Screamadelica (great album) was all about Weatherall and Patterson - no doubt about that.

...but for die hard Scream fans - this album was far too 'nice' and Gillespe had lost his lairy side.
 
does it include that album where they basically became a rolling stones tribute band?

basically without weatherall they were nothing and the recent hype over their comeback gigs is ridiculous

They do work best with other people; Vanishing Point and XTRMNTR are also fantastic albums.

I do also quite like Evil Heat and Give Out But Don't Give Up. Last two albums were pony, though.
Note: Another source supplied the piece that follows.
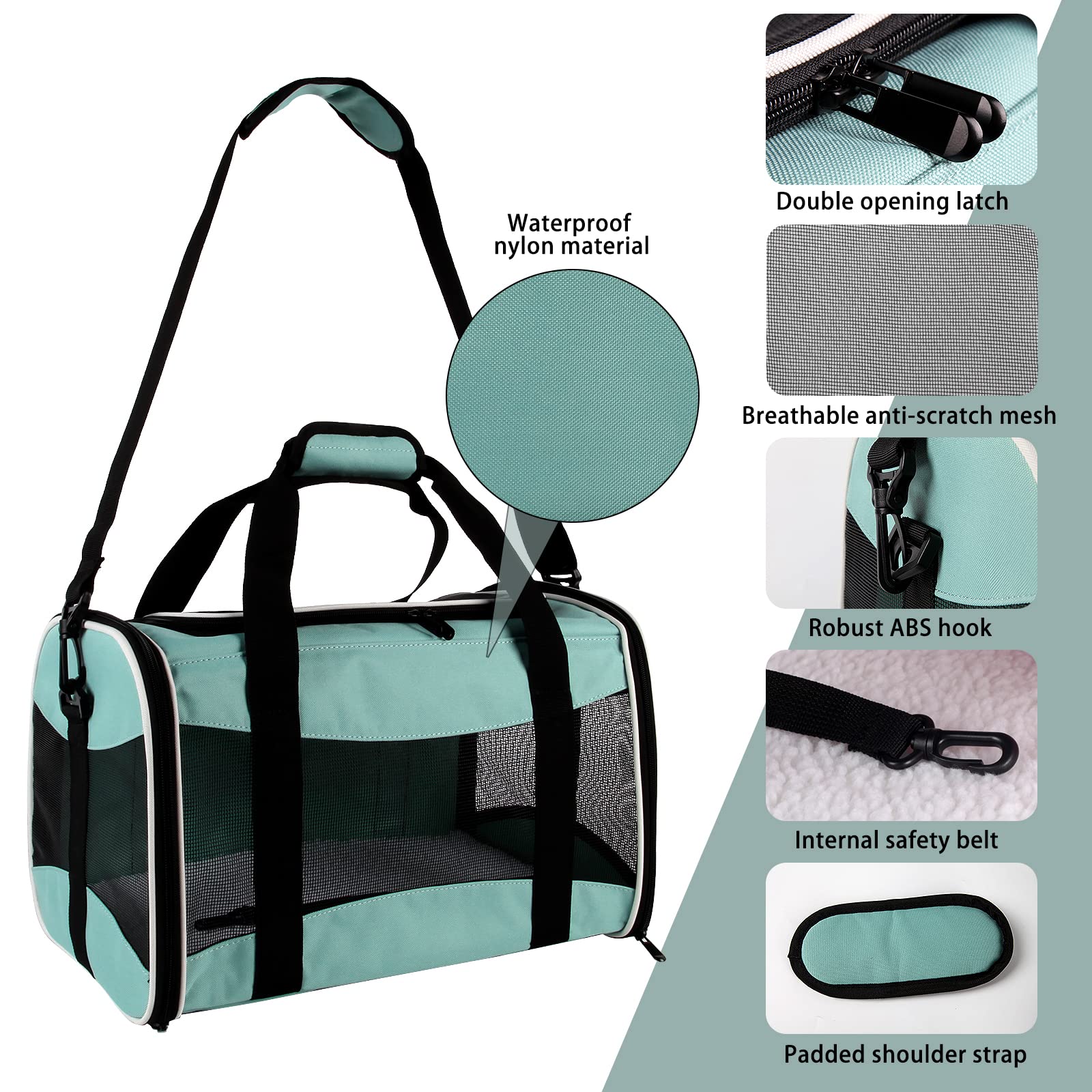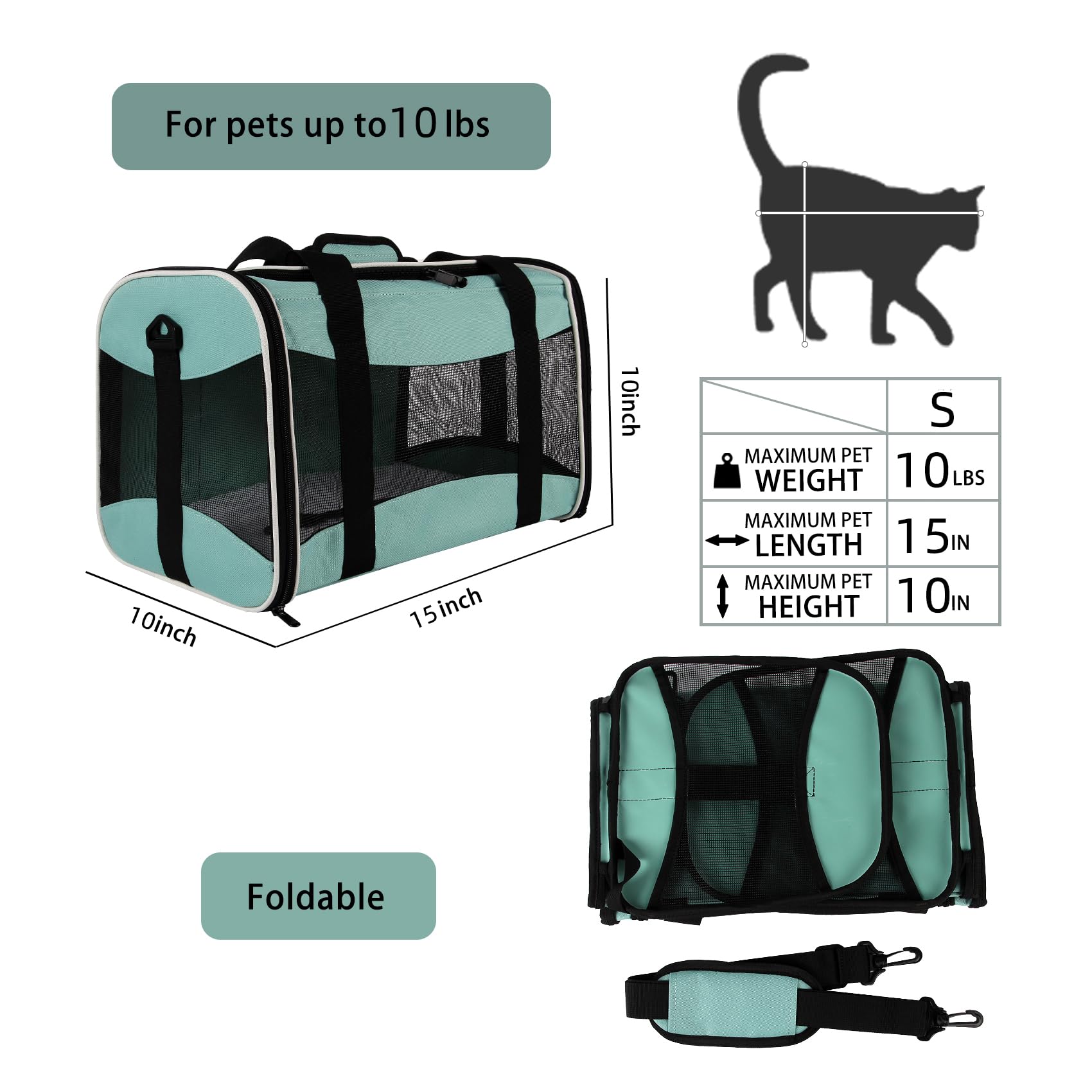 Cat Carrying Case Pet Dog Carrier Soft-Sided Cat Bag Airline Approved, Pet Travel Carrier Up to 15 Lbs, Collapsible Cat Carrier Dog Carrier for Medium Cats Small Cats Dogs(17x11x11 Green)

Live they're pretty good (if cliched), providing they stick to the rockier/ rocky-electro stuff.
 
I kinda liked swastika eyes when it came out but on repeat listens there's no real depth to it at all - it's totally inconsequential - faux-aggressive "dance" music for white americans who can't handle "electronica" without a rock aesthetic - no doubt the soundtrack to some kung fu video game. For a while PS were making stacks of tunes like that and really there was nothing to differentiate them from say the crystal method (who were trully horrendous) - the only PS track post screamdelica I thought touched on greatness was the remix of Uptown 2 years back and no prizes for guessing who remixed that
 
I kinda liked swastika eyes when it came out but on repeat listens there's no real depth to it at all - it's totally inconsequential - faux-aggressive "dance" music for white americans who can't handle "electronica" without a rock aesthetic - no doubt the soundtrack to some kung fu video game. For a while PS were making stacks of tunes like that and really there was nothing to differentiate them from say the crystal method (who were trully horrendous) - the only PS track post screamdelica I thought touched on greatness was the remix of Uptown 2 years back and no prizes for guessing who remixed that

XTRMNTR (from which Swastika Eyes comes) is arguably Kevin Shields' album, whose aim seemed to be to push at the limits of sound. Accelerator is an AMAZING white noise rock track, then you got his mix of If They Move, Kill Em (really loud jazz that just gets louder and louder and louder) and Shoot Speed Kill Light with that great Bernie Sumner guitar. It's a brilliant record, but a lot of it is down to the collaborators.